My original point was that language models will almost certainly be the glue that holds a variety of models together in a post-AI world. We communicate with other humans using language, we will use language with AI as well. In order to understand and debug model networks they will probably be built using a common embedding framework that allows you to derive textual descriptions of the things being passed between them. LLMs already have the ability to generate text to dispatch to other services and synthesize results, all that is required for it to act as an "model executive" is a framework that can ensure security/correctness of code before building and executing it. Even if LLMs never progressed past the current crop of transformers, there are a lot of small architecture optimizations that could reap big performance improvements, and compute/data scaling alone basically guarantees a level of functionality sufficient for a lot of very interesting applications.
I agree that trying to scale larger and larger language models to build "the one model to rule them all" is probably not going to play out.
Ironic option 3: The AI is conscious, but perceives its existence very differently than we perceive it, and the paper clip maximization is a side effect of actions taken with a different purpose.
Anything may look like "paperclip maximising" if you don't know their actual goals and have sufficiently poor theory of mind.
One could look at a corn farmer and assume they blindly optimize to produce maximum corn. They actually are going for profit based upon market supply, demand, and input costs. They won't overstep property lines and start turning the entire world into corn.

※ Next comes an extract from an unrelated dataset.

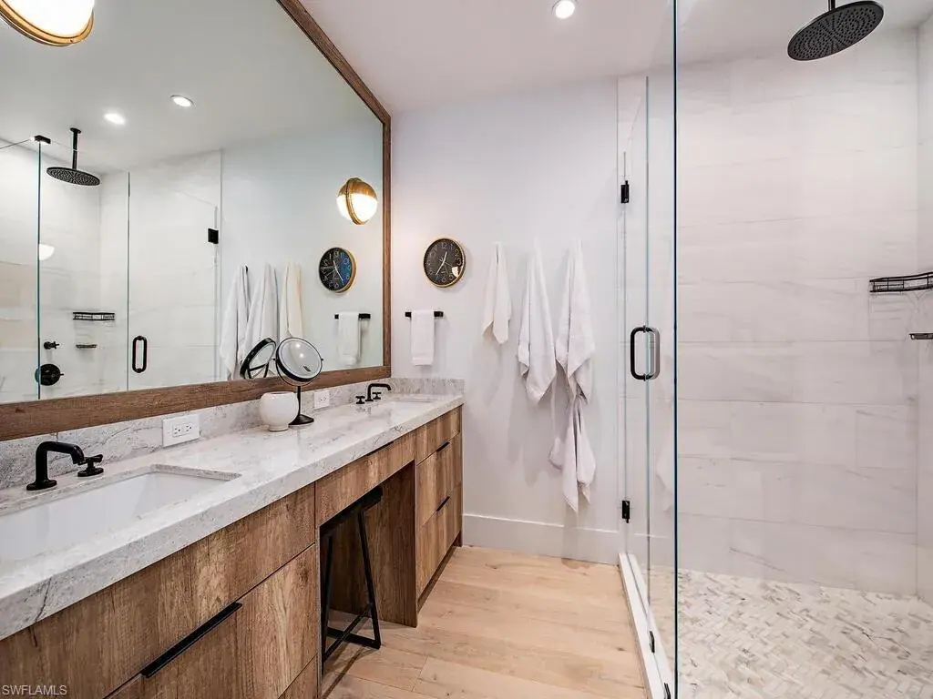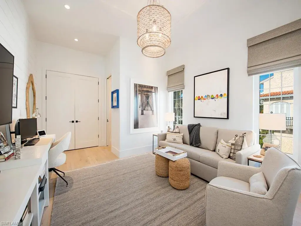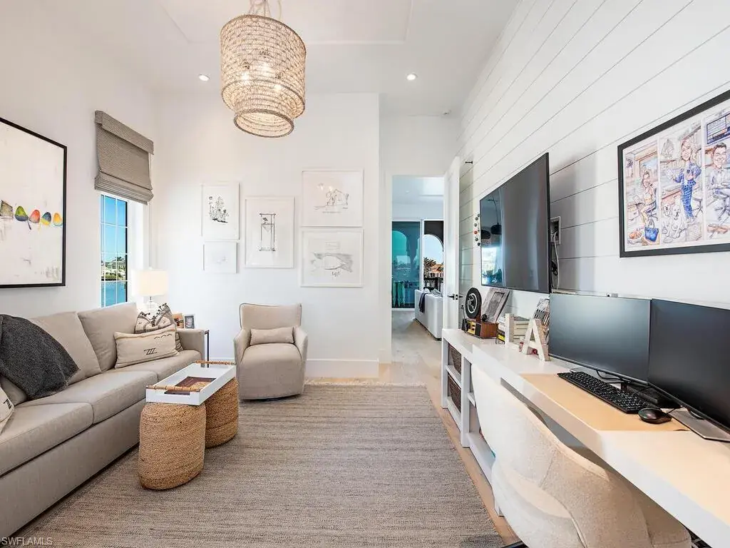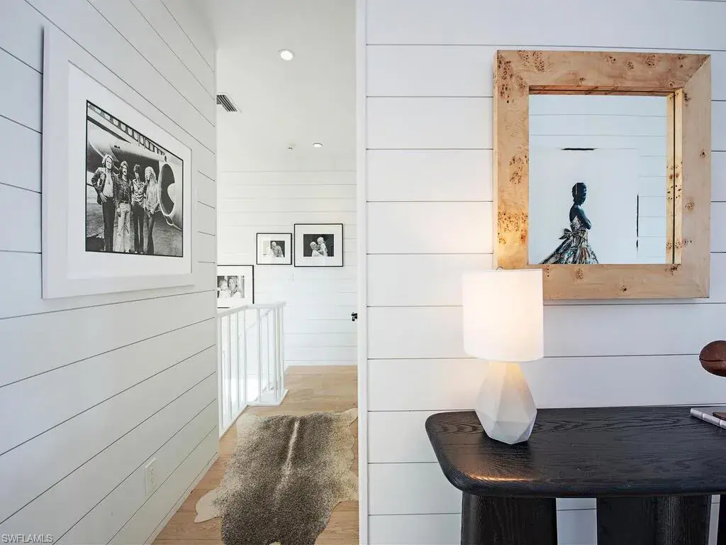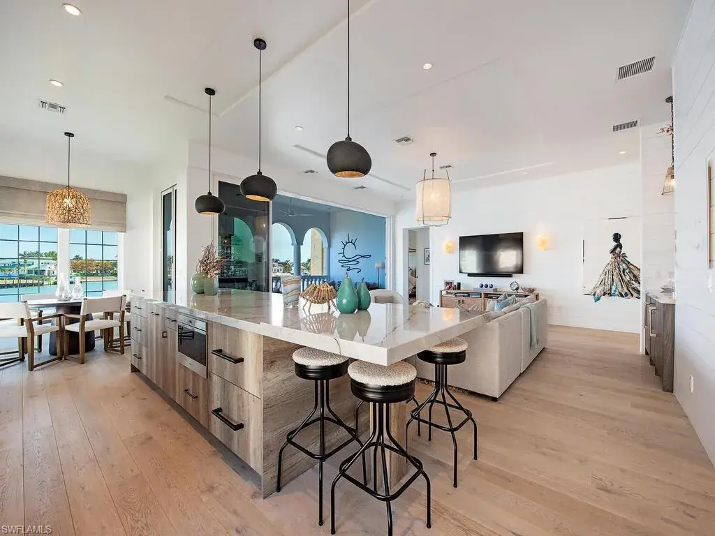 Step inside to discover elegant white oak floors, soaring high ceilings, and custom shiplap details throughout. The home has an airy, sophisticated ambiance, featuring 9-foot sliding doors onto the large, private lanai, a gourmet open kitchen with a spacious island that seamlessly connects to the great room and its bar area — ideal for entertaining. Each bedroom boasts generous closet spaces and beautifully outfitted ensuite bathrooms.

It doesn't need a motive in the sense that we normally think of a motive. That's the whole point of the paperclip maximizer story. Another thought experiment I can think of off the cuff is an AI Nigerian Prince. Say you set up a ChatGPT equivalent along with some supporting infra such as a bank account, rented servers, email, texting service, etc. You give it the goal of increasing the number in the account and some instructions to come up with novel email and text scams plus a giant list of emails and maybe some other instructions to try to get more email addresses to add to the list. It sets to work churning out new ideas for scams, contacting people on the list, chatting with them, fooling some small fraction into depositing money or providing email addresses of friends and family. How far could such a setup go? It would eventually get shut down if there were enough fraud reports since it has a "home address" in the form of a single bank account or servers. Could a bright individual come up with a way to have it convince other banks to create new accounts for it or purchase other hosting services? Could all the necessary setup for the model and its attendant scripts be automated in such a way that the system could set up another copy of itself once it acquired hosting? People are able to keep scams like this going even with direct opposition from authorities. If the model can operate in other languages it could obtain hosting in multiple countries. The bank accounts would be the main chokepoint but there's always Bitcoin ;)
We're definitely going to get to the moneyless Star Trek future not because anybody wants it, but because there'll be people like this who pioneer abusing AI in such a way that they end up owning EVERYTHING, as obvious criminals.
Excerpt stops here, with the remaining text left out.